How to Solve Digit Problems Part I

Digit Problems is one of the word problems in Algebra. To be able to solve this problem, you must understand how our number system works. Our number system is called the decimal number system because the numbers in each place value is multiplied by powers of 10 (deci means 10). For instance, the number 284 has digits 2, 8, and 4 but has a value of 200 + 80 + 4. That is,

$(100 times 2) + (10 times 8) + (4 times 1) = 284$ .

As you can observe, when our number system is expanded, the hundreds digit is multiplied by 100, the tens digit is multiplied by 10, and the units digit (or the ones digit) is multiplied by 1. Then, all those numbers are added. The numbers 100, 10, and 1 are powers of 10: $10^2 = 100$ , $10^1 = 10$ , and $10^0 = 1$ . So, numbers with $h$ , $t$ , and $u$ as hundreds, tens, units digits respectively has value

$100h + 10t + u$ .

It is clear that this is also true for higher number of digits such as thousands, ten thousands, hundred thousands, and so on.

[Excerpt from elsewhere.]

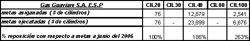 5. El representante legal de la empresa solicita se modifiquen las metas asignadas a Gas Guaviare S.A. E.S.P. para que pueda ejecutar consistentemente el programa de reposición de cilindros de tal manera que estas queden así 132 cilindros de 20 libras; 6.978 cilindros de 40 libras y 450 cilindros de 100 libras para los trimestres de octubre a diciembre de 2006 y de enero a marzo de 2007.

Many of the given numbers in this type of problem have their digits reversed. As we can see, if 10t + u is reversed, then it becomes $10u + t$ . For instance, $32 = 10(3) + 1(2)$ when reversed is $23 = 10(2)+ 1(3)$ . Now, that we have already learned the basics, we proceed to our sample problem.

Worked Example

The tens digit of a number is twice the units digit. If the digits are reversed, the new number is 18 less than the original. What are the numbers?

Solution and Explanation

The tens digit of a number is twice the unit digit. This means that if we let the units digit be $x$ , then the tens digit is $2x$ . As we have mentioned above, we multiply the tens digit with 10 and the units digit with 1. So, the number is

$(10)(2x) + x$ .

Now, when the digits are reversed, then x becomes the tens digit and $2x$ becomes the ones digit. So, the value of the number is

$(10)(x) + 2x$ .

From the problem above, the number with reversed digit is 18 less than the original number. That means, that if we subtract 18 from original number, it will equal the new number. That is,

$(10)(2x) + x - 18 = 10(x) + 2x$
$20x + x - 18 = 12x$
$21x - 18 = 12x$
$9x = 18$
$x = 2$
$2x = 4$